There are a few different ways to generate adversarial examples for image recognition networks (and neural networks by extension). These methods differ in that they have different levels of knowledge about the model architecture and its parameters, and use differnt optimization techniques to generate perturbations. Perturbations are then added to input sample features with the goal of causing mis-classification.

Much progress has been made in generating and circumventing white-box attacks (through techniques that try to obfuscate, or hide network gradients). However, the problem of circumventing adversarial attacks is similar to an arms race.

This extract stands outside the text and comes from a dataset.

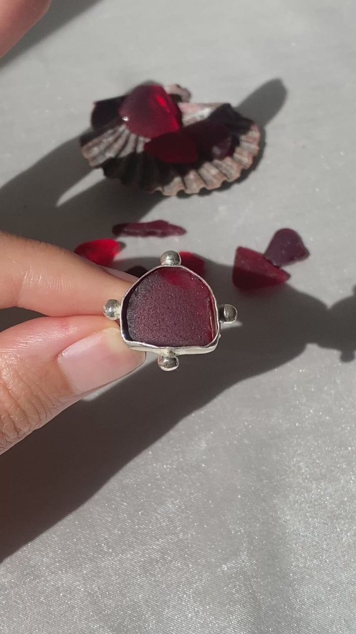 The Blood Moon features a nautical style design with silver ball accents facing north, east, south and west. She's a deep garnet red in the shade and beams a beauty deep wine in the sun. Ultra rare red sea glass is nature's most coveted treasure! Tumbled by ocean waves for decades, these frosted ruby gems make up less than 1% of all sea glass found. Fits a US size 6.

Shortly after the demonstration of new defenses, new adversaries are designed in response. This makes this area of work highly compelling (there is lots to be done).

For the purpose of this project, we will start by performing a simple and standard white-box attack commonly seen in literature. It is our goal to get a hands-on introduction to the task of adversarial attack on neural networks. We will do this by using the MNIST dataset, and generate perturbations that allow us (the adversarial engineers) to choose how a standard convolutional network classifies images. Specifically, we will be trying to force a standard convolutional network to classify images of 2s as 6s.

Time permitting, we will try two further things:

  1. White/Black-box attacks where we are allowed to modify only a handful of pixels.
  2. Black-box attacks (in which the adversary does not have access to the network)

Iterative Fast Gradient Sign Method

We start with a white-box method which requires access to network architecture for gradient calculations. This method was first theorized by Goodfellow et al. in 2015 as a simple test of the linearity of a neural network. Starting from the original image that one wishes to generate adversarial examples for, one can iteratively descend in the direction of the gradient of the loss function calculated with respect to that image and the adversarial target class by subtracting a scaled multiple of sign of the gradient from the image. Accumulated over time steps, this cumulative subtracted image constitued the additive perturbation (notice how this process is essentially gradient descent).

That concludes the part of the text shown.